Knight Frank also suggests to “take advantage of the situation to introduce new retail concepts”.

“Landlords hope to provide an experiential shopping experience and also create a point of differentiation in the competitive market with the introduction of new retail concepts,” it added.

The Centrepoint

After a 16-month renovation, a number of units on the ground level of The Centrepoint in Orchard remain available for leasing.

Frasers Centrepoint Malls Assistant General Manager for Retail Properties, Molly Lim explained that this was a consideration in the mall’s decision to undergo a revamp.

“The recent asset enhancement initiative at The Centrepoint was part of our efforts to continually refresh our mall offerings to better suit today’s changing consumer preferences,” Lim said. “The renovation includes redesigning the shopping experience, beyond the physical stores.”

Aside from the introduction of the food precincts which offer 30 new dining concepts, The Centrepoint also unveiled a new frontage that provides easy access and heightened the visibility of the Food Hall from the street level. The mall’s sixth floor has also been redesigned with a focus on wellness.

“Besides the rising operation costs, there is also competition from e-commerce, (that is why) some of the landlords are injecting lifestyle retail concepts to rejuvenate the retail experience and to excite shoppers,” Cushman & Wakefield’s Li said.

Analysts also reiterated that landlords should perform a critical review of their mall positioning and tenant mixes, in the face of rising competition and pressure from more discerning shoppers.

 

Further challenges ahead

As if there are not enough problems plaguing the retail market here, analysts warned of further challenges for the retail sector in the near term.

“With signs of waning consumer confidence and muted retail spending, coupled with the stronger Singapore Dollar against regional currencies, retail spending in Orchard Road could be impacted,” Low said. She also warned that the appetite for less prime retail spaces along Orchard Road is likely to reduce, exerting downward pressure on occupancy and rentals in Orchard.

However, while the weak sentiment is expected to linger in the Orchard area, other regions also don’t have much to cheer about.

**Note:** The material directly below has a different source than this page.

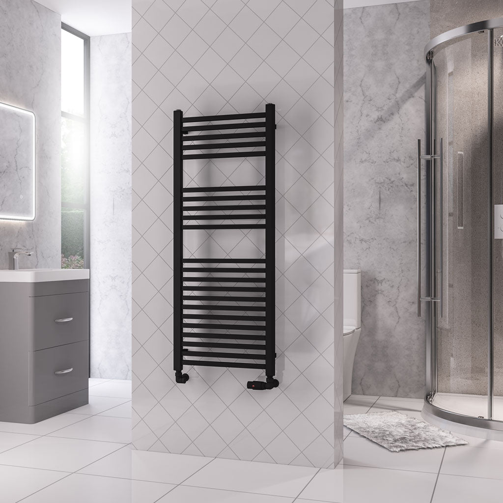 • Eastbrook Rion Electric Straight Matt Black Towel Rail 1200mm x 500mm

According to Knight Frank, Singapore’s overall retail market is likely to face continual headwinds going forward, with rents moderating further.

The property consultancy expects average rents in the Central Region to fall by 7.5 to 9.5 percent year-on-year by Q4 2016, while the more resilient prime rents are expected to moderate downwards by up to 3.0 percent year-on-year in the same period. “The expected fall in rents takes into account not only the projected weakened demand from retailers, but also the likelihood of landlords re-adjusting the rental structures to help their tenants tide over down cycles of the market in order to maintain healthy occupancy status.”

Based on government data, an estimated 1.072 million sq ft of net lettable retail space is scheduled to be completed in 2016. About 38.2 percent, or some 409,000 sq ft, have already entered the market in the first half of the year.

Knight Frank said: “In addition to this is the cautious stance taken by retailers towards business expansion, and island-wide occupancy is likely to fall from 92.8 percent in Q4 2015 to between 90.0 percent and 92.0 percent in Q4 2016.

Meanwhile, mall operators here remain hopeful that the market will eventually recover.

“While the attraction of low air fares and favourable currencies from the region are hurdles those in the retail industry may need to overcome, we are confident that the retail sector will remain sustainable in the long run as long as we continue to deliver a social experience,” Lim said.